Forty-three minutes after I started pushing, baby girl was born. She was absolutely perfect. The doctor told me it was the “most awesome birth he’d had in a long time” and kept telling me to tell my other OB that it was “awesome.” He also said I was very polite because I always said please and thank you, didn’t swear, yell, or call anyone names, and then he asked if I was a perfectionist. Err, yep. He said he was too, which was a relief because we were having this conversation as he was stitching me up. The nurses also commented on my polite nature and thanked me for not calling them names. Do people really do that?!?!

Unfortunately because I was full of heparin and everything happened so fast, I lost a lot of blood. One of the nurses commented that it looked like a crime scene, which I didn’t appreciate (more about my post-partum care in another post). The other thing I just want to mention is that a lot, most as I’ve found, people think that fast labors and deliveries are a good thing. This was actually listed as a complication on my delivery report, “precipitous labor”. Apparently it’s very uncommon for a first delivery (less than 1%) but knowing my history, should we have expected anything other than uncommon? I was also told the contractions during a precipitous labor are a lot more intense and painful, but since I have nothing to compare it to, I’ll just say that yes, it was intense.

Time line:

9:00pm: water broke

2:47am: nurse called my mom to tell her I was at 4cm (though it was around 2:30 when she actually checked me)

2:57am: I called my mom to tell her I was at 9cm

3:15am: started pushing

3:58am: My sweet girl was born!

It was suggested that I also add my initial reaction. When she was put on my chest, we just looked at each other like, WHOA, what just happened? (I have some great pictures of our expressions to each other). I just looked at her and said, "Wow! You were worth it". And she definitely is!


  1. Why did you have a planned c-section if you obviously were able to give birth naturally?

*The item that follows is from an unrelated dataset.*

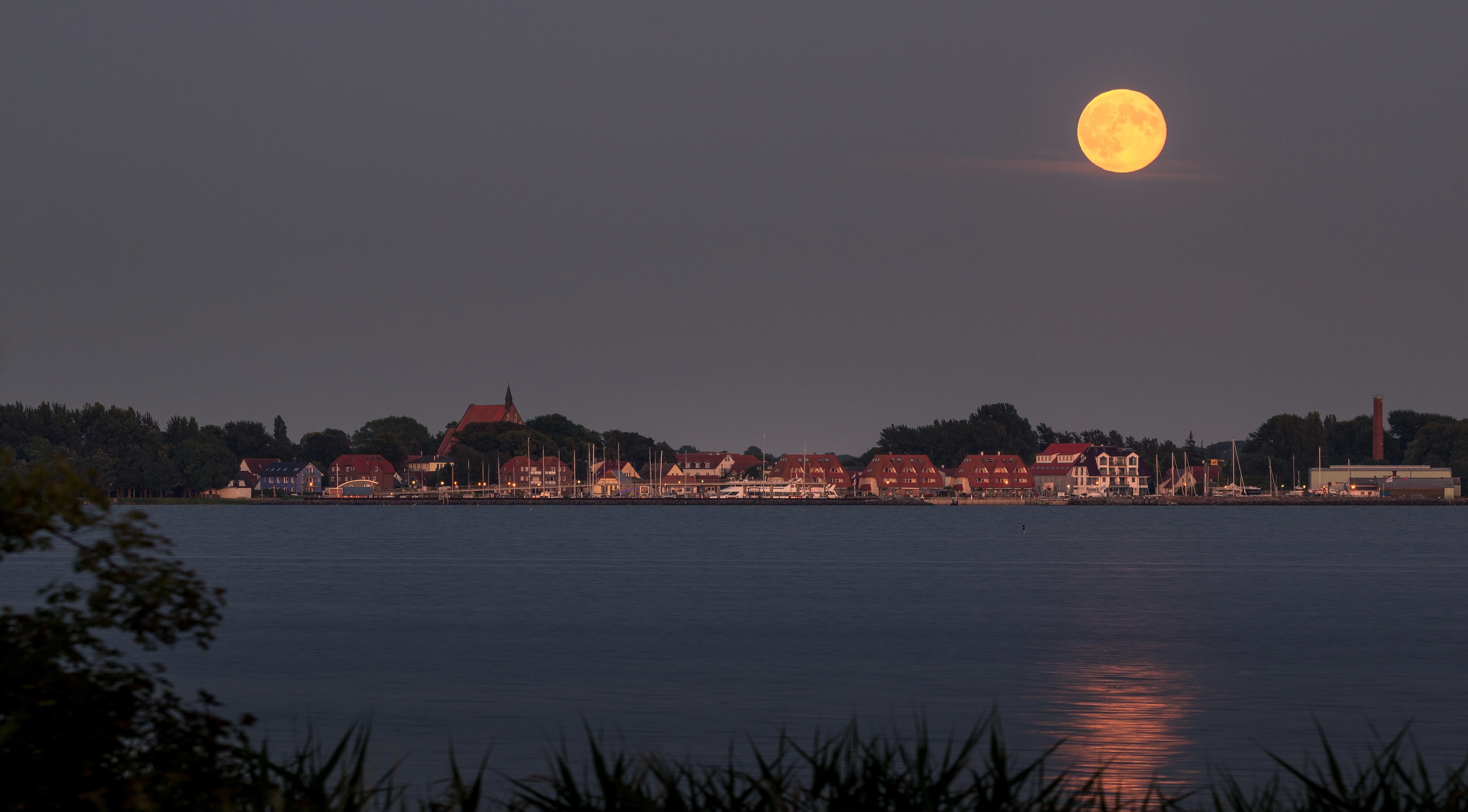 Leserbilder Astronomie: Mond über dem Hafen von Wiek, Rügen

    no snark, just curious!

  2. Claire, I had a super high-risk pregnancy, and was also on heparin injections twice a day. The heparin complicated things because it needed to be in my system long enough to protect my daughter, but out of my system long enough that I wouldn't bleed out. By scheduling a c-section, we could control when I came off of the heparin. Also, due to some of the auto-immune issues, she was at increased risk of "fetal demise" and they weren't sure how she would tolerate labor. Again, the c-section was the safer option. Nobody expected this to end the way it did :)

  3. Wow congrats to you C and precious little Kate. I am so happy you are getting ready for another FET. I am thinking about MAYBE early next year as I too am getting old LOL. I plan to blog about this soon as I am kinda mixed about it. Anyway welcome back and glad to hear all is well.